Indian High Court Decriminalizes Homosexuality

The High Court of Delhi found that Section 377 of the Indian Penal Code, which criminalized consensual sexual acts of adults in private, violated the Indian Constitution. This ruling decriminalizes homosexuality in India and is being hailed by advocates in India and worldwide as the first step toward equality for gay, lesbian, and transgender persons in that country.

With thanks to our colleagues at Amnesty International for the information contained in this post.

Today, July 2, 2009, the High Court of Delhi found that Section 377 of the Indian Penal Code, which criminalized consensual sexual acts of adults in private, violated the Indian Constitution.  This ruling decriminalizes homosexuality in India and is being hailed by advocates in India and worldwide as the first step toward equality for gay, lesbian, and transgender persons in that country.  And with this decision, India becomes the latest country to join the global trend towards decriminalization.

"The decision is a significant step toward ensuring that people in India can express their sexual orientation or gender identity without fear or discrimination," said Amnesty International in a press release.

Amnesty quotes the Naz Foundation, an Indian sexual rights organization which brought
the case against Section 377, as stating:

It’s an
incredible day, it’s been a long battle. Today homosexuality has been
decriminalized but not legalized. It is a baby step but finally India
has entered the 21st century.

"This British colonial legacy has done untold harm to generations of individuals in India and across the Commonwealth” said Madhu Malhotra, Deputy Director, Asia Pacific, Amnesty International (AI).

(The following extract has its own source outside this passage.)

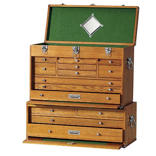FeaturesAll chests are made of solid red oak.Tongue and groove construction.Felt interiors.Hand rubbed stain and lacquer.Polished chrome locking hardware. GERSTNER INTERNATIONAL CHEST AND BASE SET GERSTNER INTERNATIONAL - Includes 10 Drawer Top Chest - MODEL: GI-532 Dimensions: 24" x 10" x 16-1/4" & 4 Drawer Base - MODEL: GI-B532 Dimensions: 25-1/8" x 11-1/8" x 10"?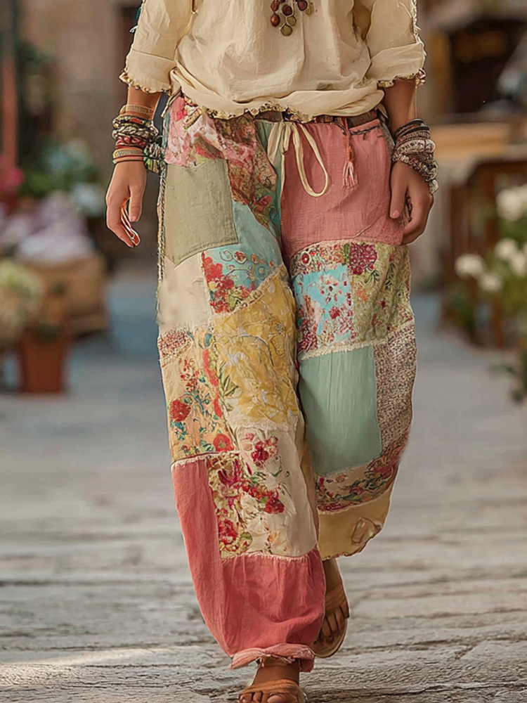 Classic Retro Rose And Floral Patchwork Art Linen Pants

As explained by AI, the ruling overturns a 19th century British colonial law which bans engagement in consensual sex with an individual of the same sex as “carnal intercourse against the order of nature”.

Amnesty stated that:

The law had been used to stifle the work of organizations working on HIV/AIDS prevention in India. The court rejected the law as discriminatory and “against constitutional morality."

Amnesty and other advocates are calling on the government to begin immediately to implement the law, in part, according to Malhotra, by starting to:

address abuse and discrimination by police and other officials and take measures to end discrimination on the basis of sexual orientation and gender identity in access to economic, social and cultural rights, including housing, employment and health services.

According to Amnesty’s report, the court’s ruling rejected every argument put forward by the government in defence of the law. It found that section 377, the law criminalizing homosexuality, reflected an understanding of sexual orientation that is “at odds with the current scientific and professional understanding”.

In particular, the government’s contention that the measure helped stop the spread of HIV/AIDS is “completely unfounded” and “based on incorrect and wrong notions,” the court said.

The court acknowledged that Section 377 has been used to “brutalis[e]” members of the gay community and other men who have sex with men, abuses that have long been documented by local human rights defenders and Amnesty International, among others.

The Judges ruled that popular morality or public disapproval of certain acts is not a valid justification for restriction of the fundamental rights set forth in the Indian Constitution.

India has no laws specifically criminalizing child sexual abuse and has used Section 377 to address this gap. The court’s ruling now restricts section 377 to cases of rape and child abuse.  Amnesty International is urging lawmakers to rewrite the law to deal explicitly with those crimes.

Amnesty has further called on those countries that continue to criminalize homosexuality to follow India’s example and repeal their own laws, the majority of which remain within Commonwealth countries.